A startling example of radical thinking is the use of the ocean for natural cooling, another Microsoft initiative called Project Natick, in which Microsoft submerged a small cylindrical data centre of the coast of Scotland.
Many within the industry also an innovative future see the future in the use of smaller, modular data centres which can be deployed locally to provide hyper-local storage and processing capacity.
By stressing forward looking innovations in such sensitive areas as sustainability and climate change, datacentres can offset controversy with fact.
Rejuvenation
With demand for bandwidth threatening to outstrip the availability of cloud computing, decisions increasingly revolve around how to ensure 100% SLAs while future proofing facilities. Do the benefits of a new build outweigh the risks of demolition? There is a strong commercial argument that short term rejuvenation makes more sense when considering the impact of changing investor, consumer and customer attitudes.
Retrofitting
Retrofitting comes with a host of complexities, of which safeguarding security is the most important. Security breaches are both physical and electronic and both grow in stature in developing countries, where dangers are exacerbated by the potential for unrest.

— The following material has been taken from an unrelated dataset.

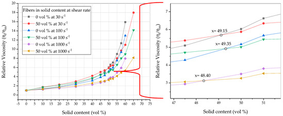 In Figure 8, the solid content dependency of relative viscosity at different shear rates is demonstrated. The figure on the right side represents the focus on a range between approx. 47.5 and 52.5 vol % of solid content, in which feedstocks with and without fibers reach the same viscosity. From that equilibrium point, the feedstocks with 50 vol % fibers in solid content show lower viscosities, and the difference between two variations increases with increasing solid content. Although the torque measurements are available for both feedstocks at 65 vol % solid content, the viscosity of 65 vol % for feedstock without fiber variation could not be measured, which means that the feedstock has reached the infinite viscosity and shows no flow anymore. Additionally, 65 vol % is relatively near to the theoretical maximum filling degree of about 70 vol % (see “Phi max.” for 0 vol % in Figure 9). On the other hand, the viscosity of highly fiber-filled feedstock at 65 vol % solid content could be measured, where the fibers that enable flowability even at higher solid contents [28] [30] most probably are oriented and flow together.

Plainly, future proofing an obsolescent datacentre can be achieved without risking security, latency, business continuity or SLAs.
The most important considerations in future proofing obsolescent data centres are the over provision of cooling and power to allow for future capacity, whether to employ worked sensors or nodes and the efficiency of energy use. Customer concerns also raise questions about land use, about co location and sustainability.
The first secret to reinvestment is budgetary control. Extracting the most value from a facility is driven by a forensic focus on the centre’s core mechanics; its installation, upgrading, mechanical structures, switch gear, high and low voltage, air conditioning and heating. Regenerating old stock includes replacing servers every three years, alongside hardware, chillers, hot aisle containment systems and transformers, computer room, Air conditioning units (CRAC) and Hot Aisle Containment Systems (HACS)
But while the average cost of a new build is upwards of €5.5m per MW, an upgrade or refurbishment can be significantly better value for money with a full plant replacement costing in the order of €2 – 3M per MW and can be achieved in a shorter period since there is no need for additional utility connections.
It can also help to reduce the need for planning permission. Apple’s decision to cancel a plan to build an €850 million data centre in Athenry, Co Galway highlighted the need for the company to make a far better case than its community demanded. Factoring local opinion in advance of a decision is increasingly paramount in reinvestment decisions.
New build
With a frustrating lifespan of only 10 to 15 years for the mechanics of datacentre, new datacentres have seen a surge in innovation in the number of smaller, purpose-built sites, on land, and floating centres. While these may be suboptimal in terms of scale, they can spread risk until future requirements become clear.
Every Cloud has a silver lining
Data centres that prepare for scrutiny will find they have a positive story to tell.
Far from being the internet’s back office, they are well prepared to withstand the light of day because they are probably the most innovative, dynamic tech sector of all. Without them the App Store could not become the new high street, fintechs could not disrupt banks. We would have no digitisation, no analytics, no personalisation, no 5G, IOT or even the LinkedIn - on which you are reading this.
Data centre managers, investors and owners must prepare to address not just infrastructural challenges but societal ones too. That’s how they can enjoy their day in the sun and ensure due recognition for the crucial part they play in delivering prosperity to our information revolution.